Under Section 8 and 9 of FERA, one is not allowed to hold foreign coin collections worth over $500. Even this is a revised limit: before July 17, 1992, the figure was $200. This amendment came after a widely publicised lawsuit involving a private citizen who had to finally pay a nom -inal fine of Rs 2,000.
Under the Aircraft Act, 1934, the Government can control "manufacture, possession, use, sale of aircraft". And ‘aircraft’ includes balloons and kites.
Often, it’s not so much the statute books which are guilty as are the procedures. Out of the three procedure codes in India, the Indian Evidence Act was passed in 1850 and the Criminal Procedure Code (CrPC) and the Civil Procedure Code (CPC) were passed early this century. Honorifics like outdated, lengthy, complex come easily to mind. The main problem, however, is that they are completely silent on the maximum number of days by which a case must be settled. This ensures that cases drag on interminably, while alleged offenders waste away behind bars. With few courts and that too bursting at the seams with pending litigation, a person arrested under the CrPC may actually spend his full term in jail just waiting for trial even before he’s proved guilty. In 1992, the Supreme Court had a backlog of 1.5 lakh cases. And the lower courts have a backlog of around 20 million. Needless to say, such a system of justice distribution is loaded highly against the poor and the weak. Says Batra: "The CPC can be cut down to about 10 pages, without any harm to the process of justice."

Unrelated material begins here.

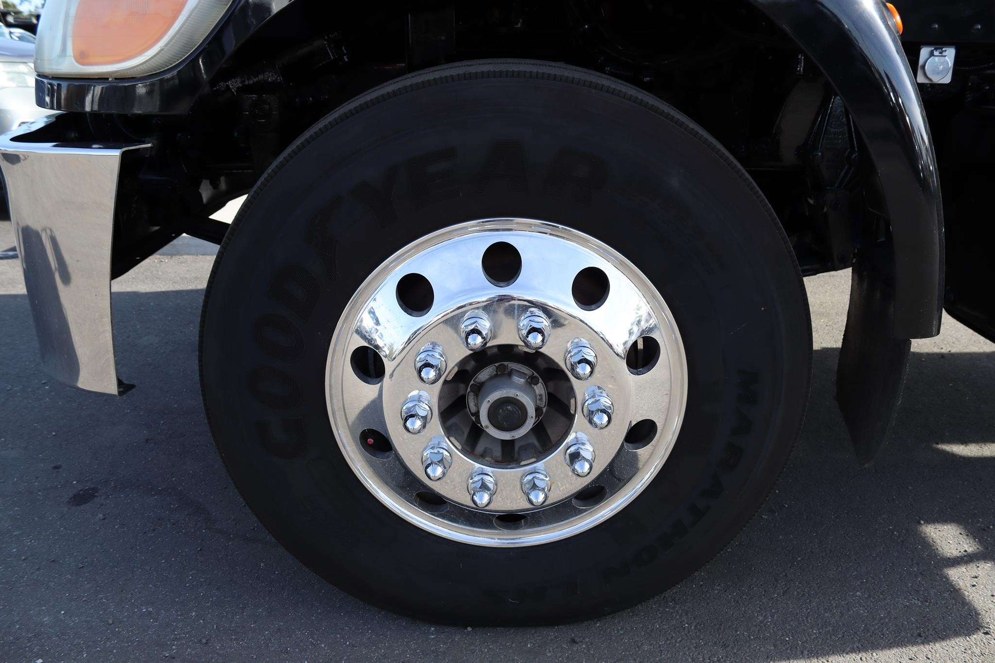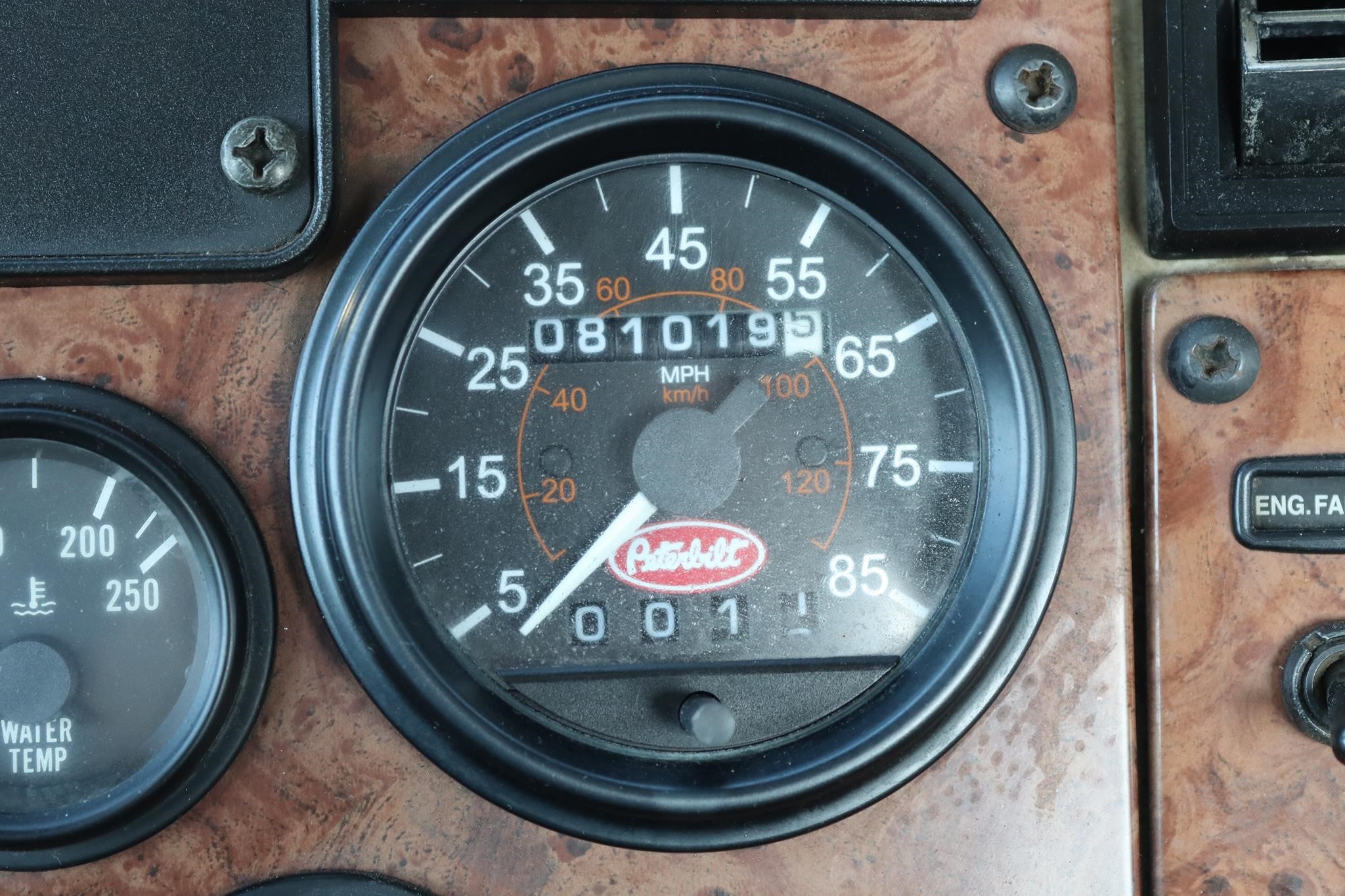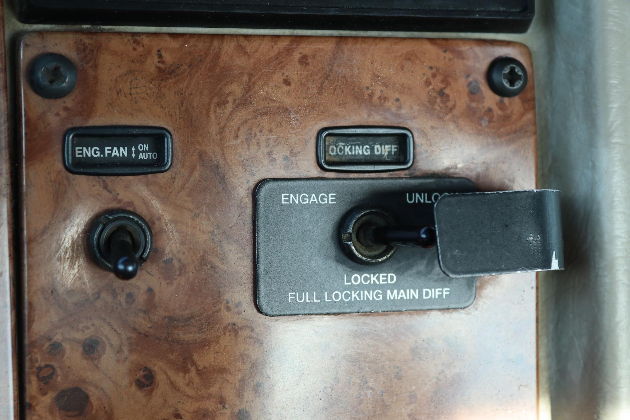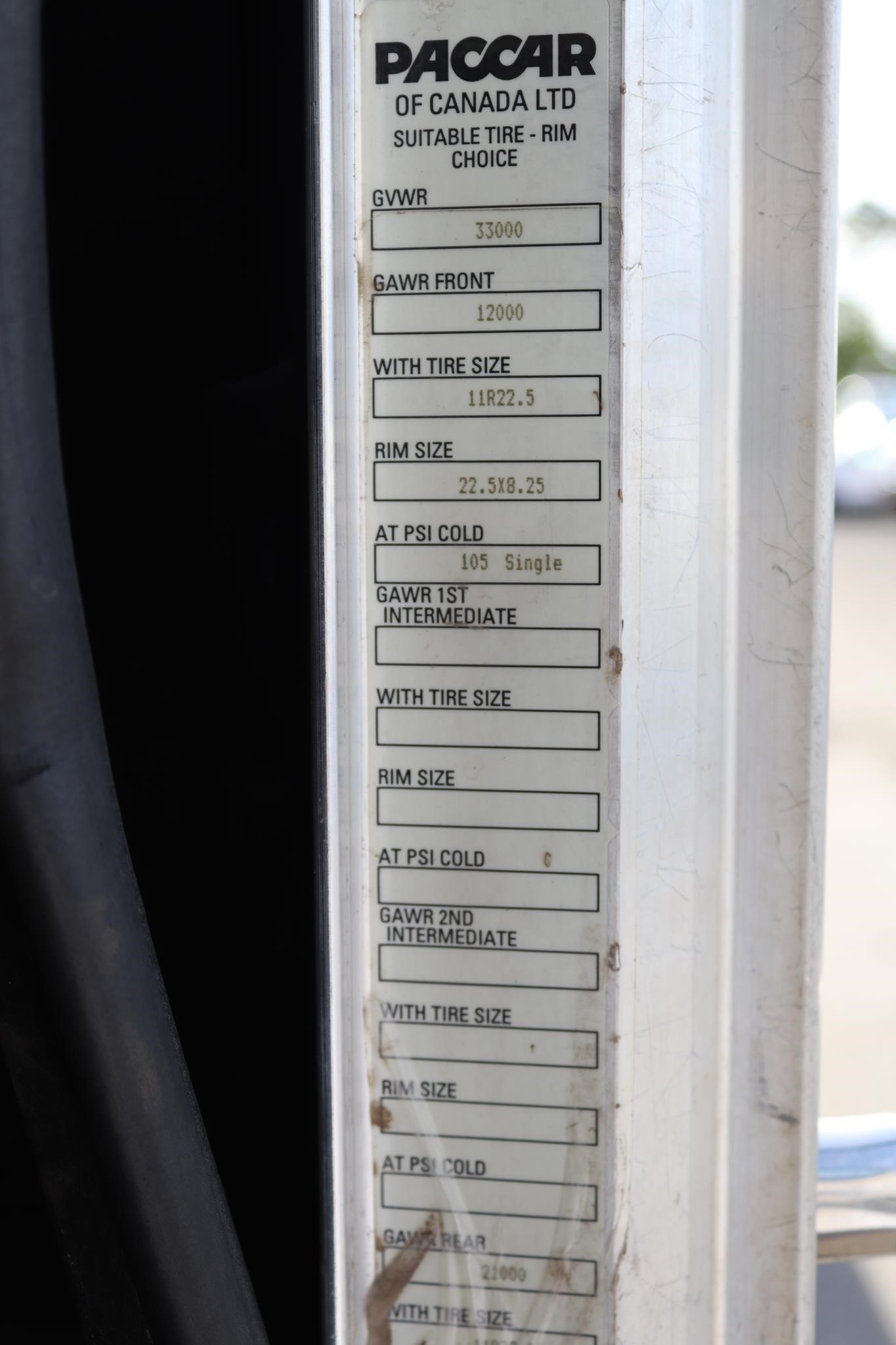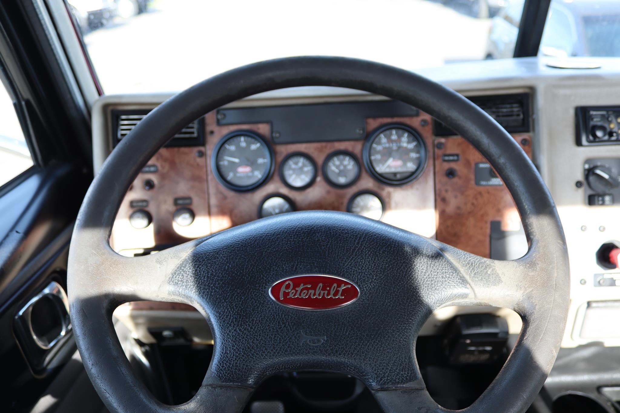 The interior features an air-ride driver’s seat, two bucket seats, cruise control, A/C, AM/FM radio, engine fan, differential lock, and air brakes.

The poor conviction rates also substantiate the role of procedures in serving more as instruments of harassment than proving the effectiveness of law. Delhi Police, for instance, has a conviction rate of 11 per cent. Prosecutions for FERA violation, which account for most of the economic crimes, lead to only 2 per cent convictions. And Mumbai commissioners admit to only 118 convicted so far under COFEPOSA, a draconian piece of legislation passed 23 years ago. What’s worse, says Padmanabhan, is that unlike other countries, India doesn’t have the practice of pre-trial consultations and conferences which can help fast settlement and weed out many cases before they reach court. The entire procedure is done in court, thereby stretching litigation time.

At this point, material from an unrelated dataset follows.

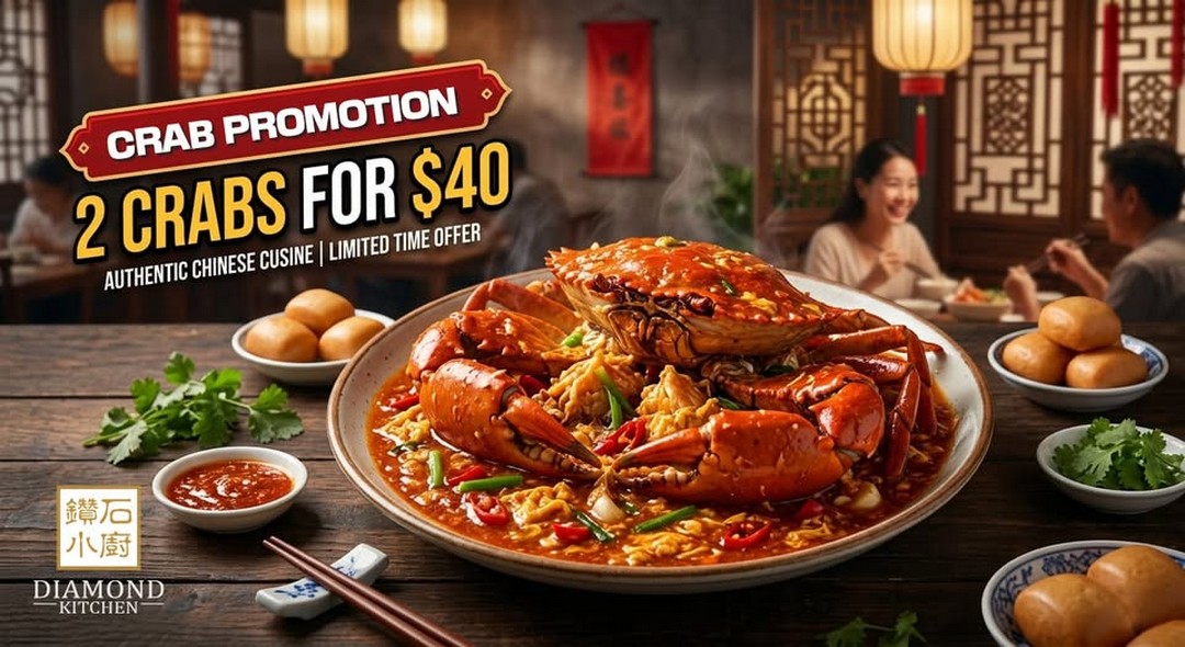 Seafood lovers in Singapore, get ready for one of the most anticipated promotions to hit your taste buds this March. Diamond Kitchen has answered the calls of crab enthusiasts everywhere and is bringing back a promotion that’s sure to make waves: two whole, succulent crabs for just $40. Yes, it’s not a typo — $40 for two freshly cooked crabs.

The time has come for the politician to propose and the bureaucrat to follow, says Amit Mitra. Unfortunately, the present political state doesn’t quite ensure that. The new-found judicial activism needs strong support from individual lobbies and the media to be sustained. Take the electoral reforms bills, which started their journey towards Parliament in 1972, but are yet to metamorphose into an Act. The last Lok Sabha didn’t manage to pass any bill since 1995; the new one has not yet transacted any legal business. A CII taskforce on judicial reforms has submitted its report to the Government. Debroy’s Project Large has in the last three years submitted 23 reports on reforms in FERA, consumer protection, environment, labour laws, etc, to the Finance Ministry. And that’s where things got stuck. Sans a proper lawmaking body, individual law-making initiatives by members of Parliament remain the rather slender ray of hope against centuries of dust. But who’ll bill the cat?